Question 102616
Let's use the quadratic formula to solve for x:



Starting with the general quadratic


{{{ax^2+bx+c=0}}}


the general solution using the quadratic equation is:


{{{x = (-b +- sqrt( b^2-4*a*c ))/(2*a)}}}




So lets solve {{{5*x^2+9*x+1=0}}} ( notice {{{a=5}}}, {{{b=9}}}, and {{{c=1}}})

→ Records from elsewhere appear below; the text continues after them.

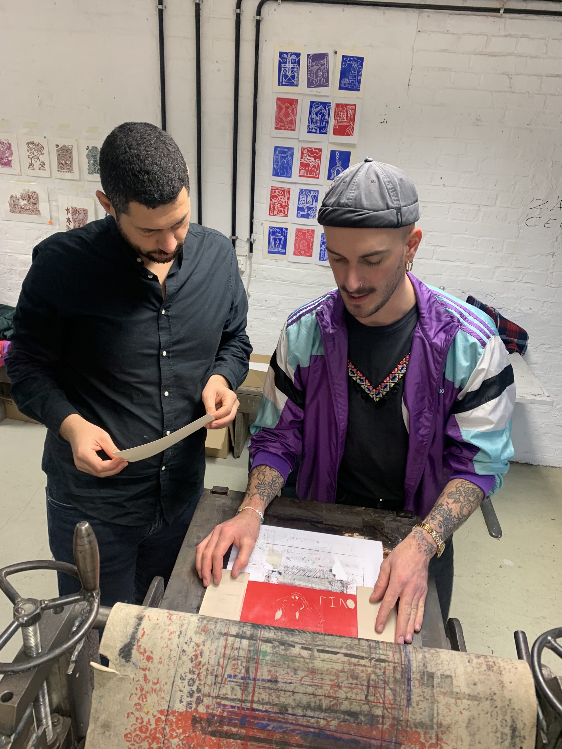 Siebdruck ist ein manuelles Druckverfahren, das dem Schablonendruck ähnelt. Jo griff daher auf seine zu Beginn der Woche erstellte Illustration zurück, um den Schülern den gesamten Prozess zu veranschaulichen.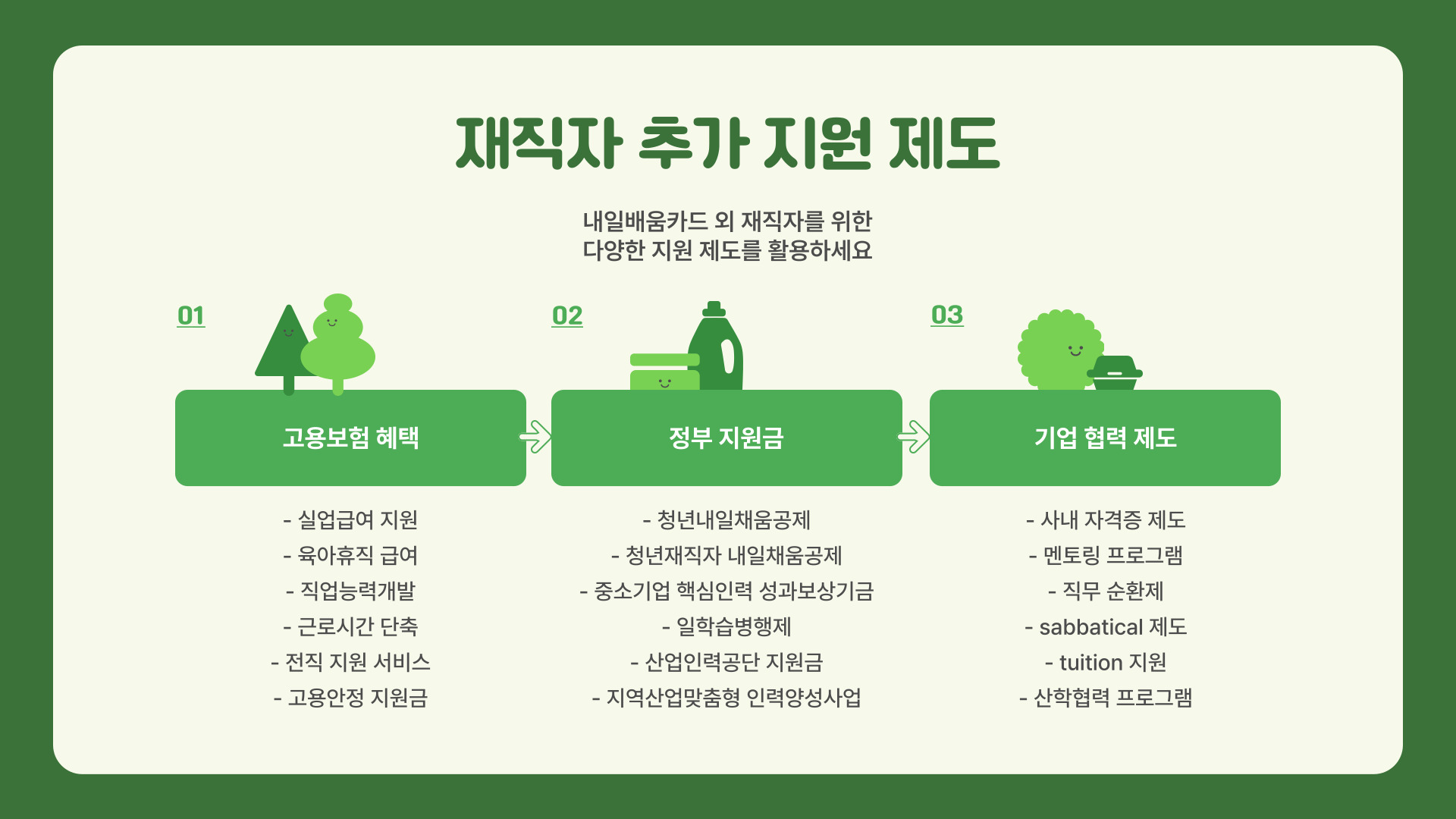 Tags: 내일배움카드, 재직자, 교육비 지원, 경력 개발, 직무 능력 향상, 교육 과정, 고용노동부, 직업 훈련, 기업 인센티브, 교육 기회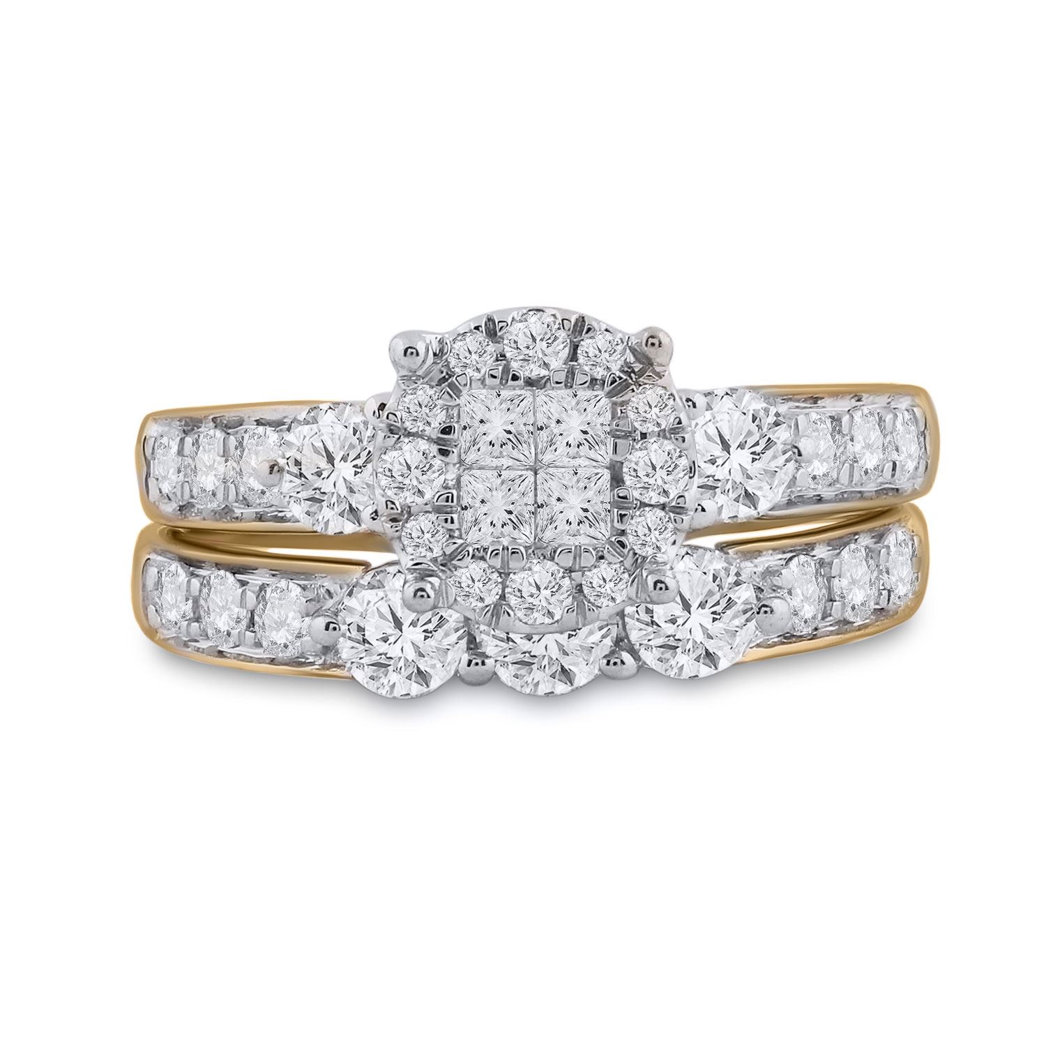 14kt Yellow Gold Princess Diamond Bridal Wedding Ring Band Set 1-1/2 Cttw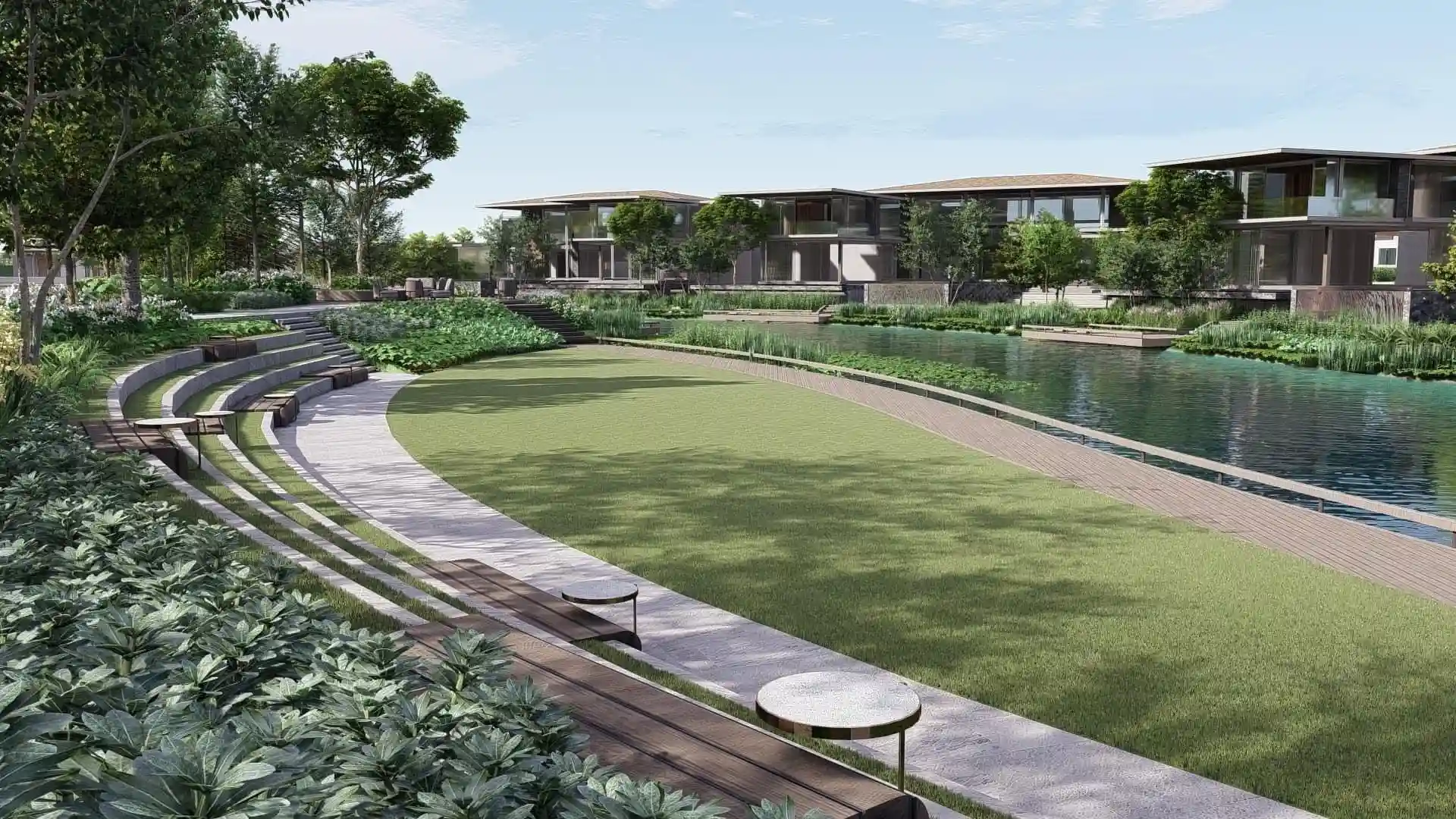 Three-bedroom villas are on plots of 382 m², four-bedroom villas on plots from 420 to 817 m², and five-bedroom residences on plots from 1,053 to 1,870 m²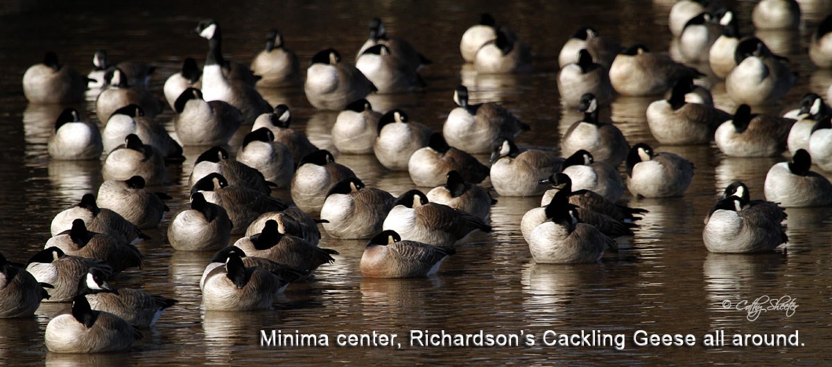 I have extensive experience with Richardson's Cackling Geese, and moderate experience with Taverner's Cackling Geese. My experience with Minima is pretty limited, but includes a bird found in the winter of 2012/2013 here in CO and talking in depth with Steve Mlodinow about that bird. I do not have any experience with Aleutians except what I have read and discussed with Steve.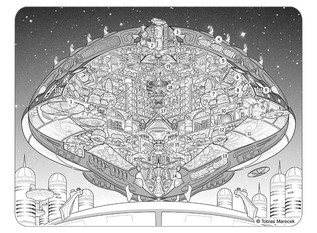 | Antrieb: | Überlichttriebwerke (diese erzeugen eine Feldblase ähnlich der Grigoroff-Schicht, die jedoch einen jederzeit unterbrechbaren Flug gestattet), gravomechanischer Feldantrieb, Antigravtriebwerke |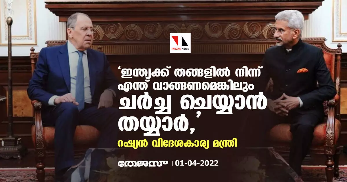 "ഇന്ത്യക്ക് തങ്ങളിൽ നിന്ന് എന്ത് വാങ്ങണമെങ്കിലും ചർച്ച ചെയ്യാൻ തയ്യാർ,": റഷ്യൻ വിദേശകാര്യ മന്ത്രി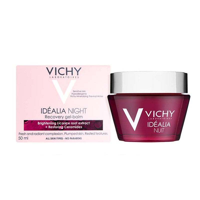 ژل بالم شب ترمیم کننده ایده آلیا ویشی حاوی ترکیبی ایده آل از عصاره بلوبری و چای سیاه برای انرژی بخشیدن به پوست و کاهش اثرات استرس می باشد. ژل بالم شب ترمیم کننده ایده آلیا ویشی بر روی چرخه شبانه بازسازی پوست اثر گذاشته و درصورتیکه خواب ناکافی داشته باشید، پوستتان همچنان ظاهری شاداب و سرحال تری خواهد داشت. ژل بالم شب ترمیم کننده ایده آلیا ویشی تنها پس از یک هفته پوست را به وضوح نرم و روشن تر می سازد و باعث می شود پوست ظاهری شاداب داشته باشد.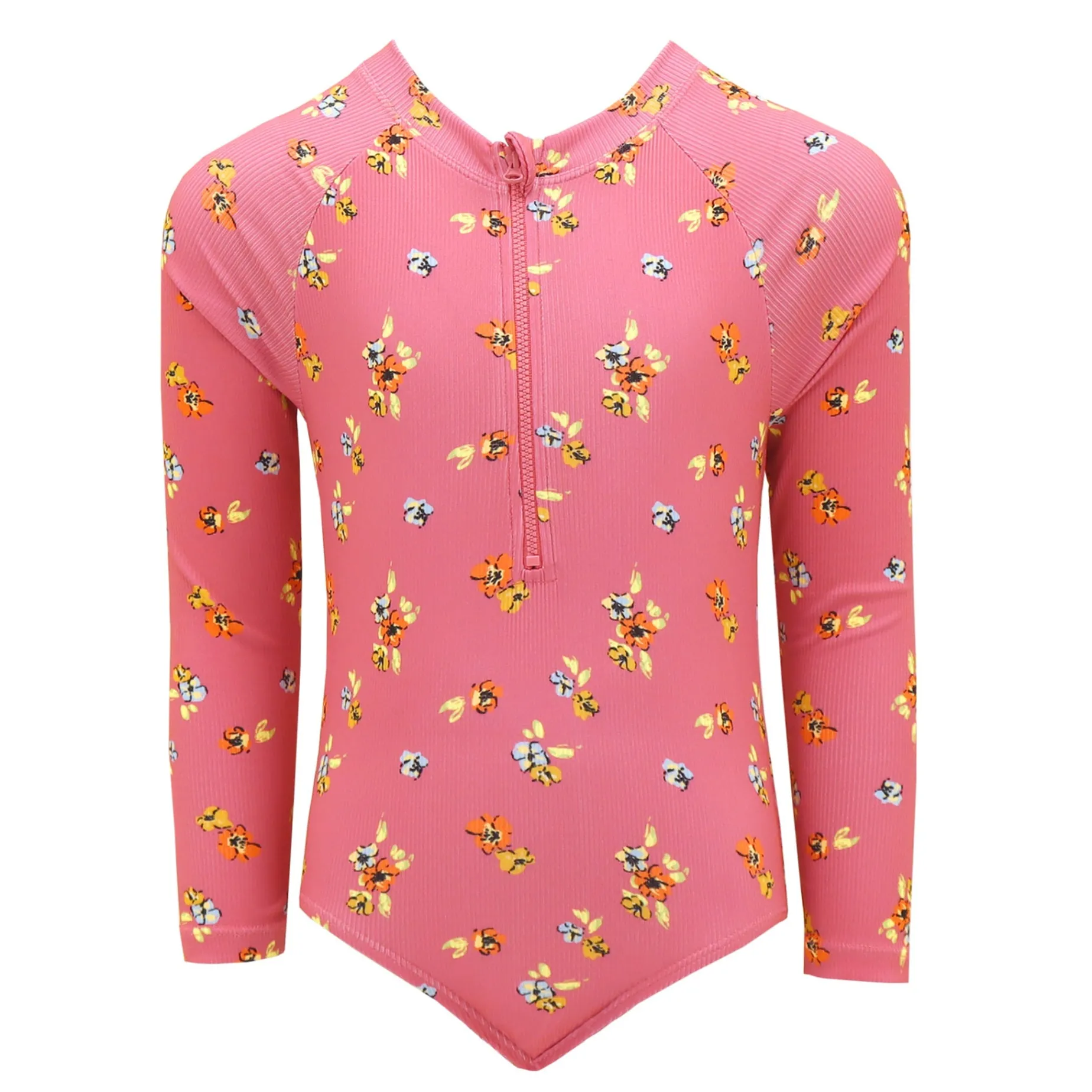Rib Flowers Long Sleeves Swimsuit 2-14y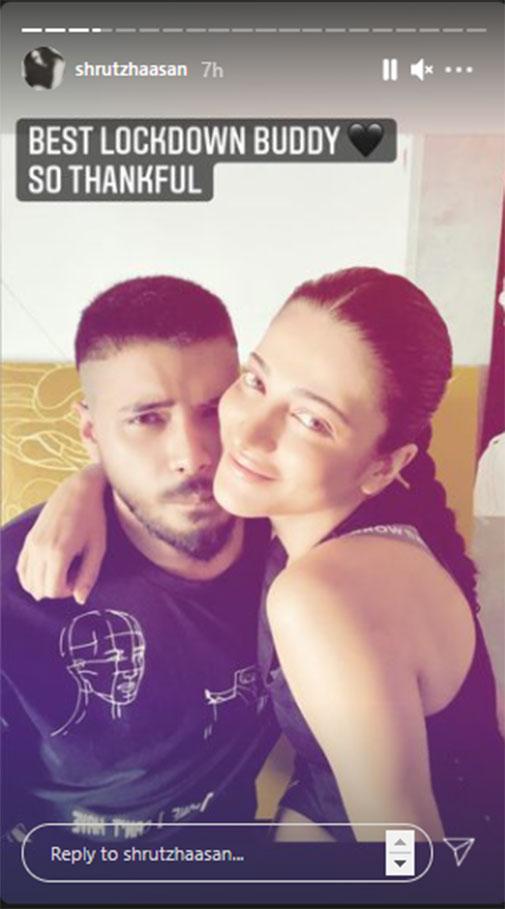 श्रुति ने ये फोटो अपने इंस्टाग्राम स्टोरी पर शेयर की है, जिसमें उन्होंने बॉयफ्रेंड शांतनु के गले में हाथ डाला हुआ है और वह कैमरे को देखकर स्माइल कर रही हैं. फोटो को शेयर करते हुए एक्ट्रेस ने लिखा, 'बेस्ट लॉकडाउन बडी, मैं आभारी हूं." पिक्चर में देखा जा सकता है दोनों ने ब्लैक कलर की टी-शर्ट पहनी हुई है. श्रुति हासन अक्सर अपने बॉयफ्रेंड शांतनु हजारिका के साथ तस्वीरें सोशल मीडिया पर शेयर करती है, जो कि बड़ी तेजी से वायरल होती है. उनकी ये तस्वीर भी फैंस का जमकर प्यार बटोर रही है.

{{{x = (-9 +- sqrt( (9)^2-4*5*1 ))/(2*5)}}} Plug in a=5, b=9, and c=1




{{{x = (-9 +- sqrt( 81-4*5*1 ))/(2*5)}}} Square 9 to get 81  




{{{x = (-9 +- sqrt( 81+-20 ))/(2*5)}}} Multiply {{{-4*1*5}}} to get {{{-20}}}




{{{x = (-9 +- sqrt( 61 ))/(2*5)}}} Combine like terms in the radicand (everything under the square root)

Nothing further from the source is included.